Las naciones son fenómenos modernos (por oposición a la sociedad agraria, de ligaduras metafísicas y atravesada por rígidas jerarquías), engendradas para apoyar el proceso de industrialización que a su vez las requirió: serían expresiones de una alta cultura, transmitida por la escuela (gracias a la normalización de una palabra escrita que antes era escamoteada a las clases más bajas) y apoyada por los especialistas y por un sistema de educación pública universal y obligatoria. El nacionalismo tributa a su progenitor (industrialización) con fuerza de trabajo, estandarizada y alfabetizada (Gellner, 2008, 123). Es decir, sobre la base estructural del industrialismo se dispara el nacionalismo que engendrará a la nación; no a la inversa (136). Y esa estructura exige que el propio Estado adquiera un tamaño mínimo para ser independiente de sus vecinos (Gellner, 2008, 126). Esta dimensión mínima fue conceptuada por Mazzini como «principio del umbral».

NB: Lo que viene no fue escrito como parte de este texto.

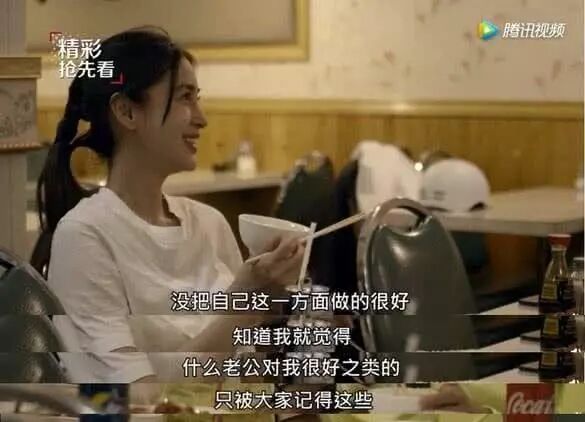 而老板娘讲完之后,Angelababy一听随即露出苦笑,并无奈地说:“觉得没把自己这一方面做得很好,(别人)知道我就都觉得什么老公对我很好之类的。”她坦言到只被大家记得这方面的事,非常不甘心,并透露她曾经朋友坦言最想有一部作品能够让大家记得,但现实却是没人会在乎自己到底是什么样子,她也认为观众只会关注精彩的、突出的言论,自己本来平淡的生活没有人会想看。

En sus propios términos («naciones naturales») el nacionalismo es débil, pues la multiplicidad de posibles naciones genera inestabilidad. Pero esta perspectiva sociológica confiere nitidez y fuerza explicativa al concepto: el impulso hacia una sociedad más igualitaria, con vocación de integrar a las masas para disponer de mano de obra formada, homogénea y flexible proviene de la estructura industrial; la materia prima proviene de una de las culturas (la «cultura superior») que arraiga en su interior; y el método será la construcción nacional llevada a cabo por el nacionalismo. Así se erigieron los grandes Estados nación en su tránsito desde el absolutismo al autogobierno democrático, capacitándose para sofocar las luchas de clases internas. Este primer nacionalismo tenía origen económico, estrechaba lazos políticos entre los nuevos soberanos y se revestía pragmáticamente de una cáscara cultural. Por eso este modelo ignora deliberadamente la preeminencia del capital, la propiedad y la riqueza[3] y se centra en la identidad de cultura, el acceso al poder y el acceso a la educación. Para analizar la base que hoy da pie al nacionalismo bastaría con centrarse en el acceso a determinadas habilidades para cumplir con las condiciones que impone la división del trabajo industrial.

Nuestro modelo espera y predice un conflicto vertical entre diversos estratos horizontales, de forma bastante diferente al marxismo, y lo prevé sólo en aquellos casos donde lo «étnico» (signos diacríticos culturales o de otro tipo) es visible y acentúa las diferencias en cuanto al acceso a la educación y al poder, y sobre todo cuando se inhibe el libre flujo de personas a través de las difusas líneas que informan la estratificación social (Gellner, 2008, 184-185).